Archive for April, 2006

Why Happinnes is not contagious

Tuesday, April 25th, 2006

Why can’t other people give in to the innate urge to be happy when other people are happy? Isn’t laughter, smile, sugar spice and everything nice as contagious as H5N1 in chickens and turkeys?

I have been "with" my Fiance’ for a considerably long time now. We have shared quite a bit of ups and downs "together" (the quotation marks indicate pruverbialness due to our proximity from each other; uhm about a whole ocean, but we are really together sill, no matter what). We have share some with friends, some we kept to ourselves, some caused some tears to roll down and some we thought would just go away and die a natural death.

She recently told me that she received a text message from an unidentifiable entity telling her "bad things". Well, to cut it short, someone is out to break us apart. Telling "bad things" about me. Well, that person does not know what waste of time he’she had to go through to send that message, coz plainly, he/she is not going through. Message invalid. I was thinking how that person searched for a free internet service to be able to send an SMS message to my fiance’. Imagine the effort and time spent. This person must really have no life. None whatsoever. I’m assuming this is the same person that sent her messages through Madsy’s YM and some on to her Myspace a long time ago. Grow up. Move on.

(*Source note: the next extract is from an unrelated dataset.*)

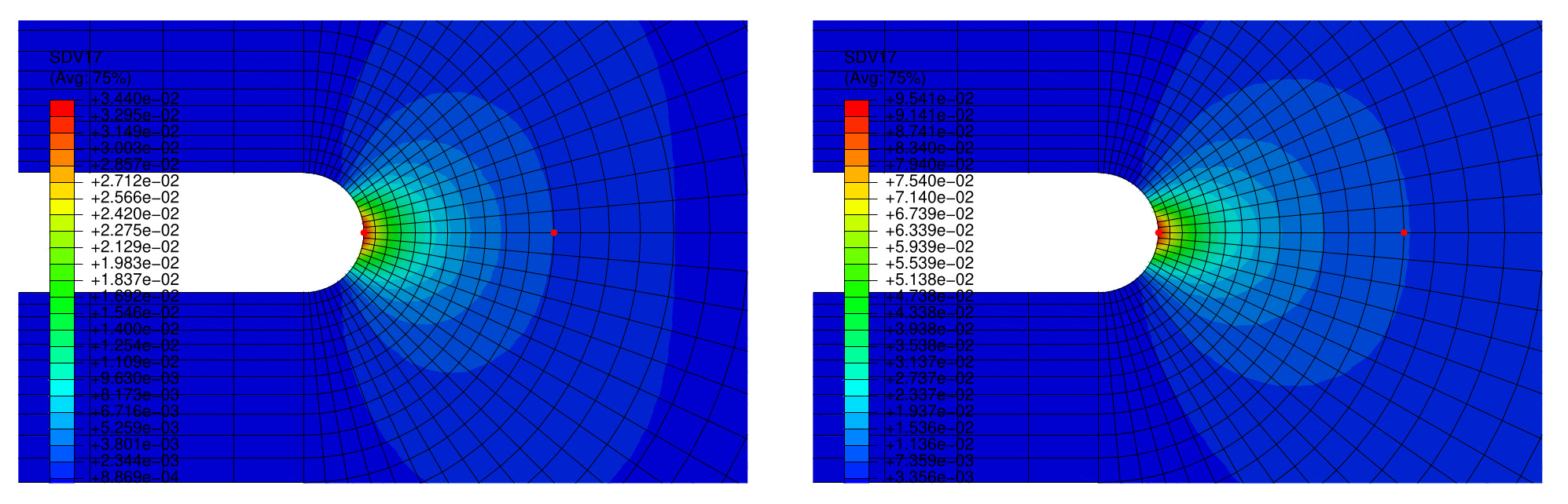 В результате конечно-элементных расчетов можно сделать вывод, что представленные асимптотики для зон ползучести и упругости соответствуют аналитическим решениям. Таким образом, можно сделать заключение, что независимо от формы трещины на расстоянии, характерном протяжению зоны ползучести, строятся асимптотики Хатчинсона — Райса — Розенгрена.

It’s sad how far other people would go just to make other happy people’s lives miserable. As miserable as theirs I guess. This person probably makes his/her life interesting by reading pocketbooks wee into the middle of the night, or have several textpals with encoded names and uses a different name as well. He or she probably is still telling herself that all her/his failed relationship(s) in the past is not his/her fault and that he/she is the victim, and that its not his/her lost. Bitter? I thought so too.

This same person is probably wasting precious money-making time by looking at my profile and reading this actual brain fart that I’m having in the middle of the night. To some Hannibalish degree, I feel flattered for the time this person is spending on me and mads, so he/she can do recon work on us and try to clean hi/her tracks so we cannot figure out who he/she is. Dont worry, there is no figuring out. It’s obvious who you are, and it’s just sad. No, not pathetic, it’s… Sad.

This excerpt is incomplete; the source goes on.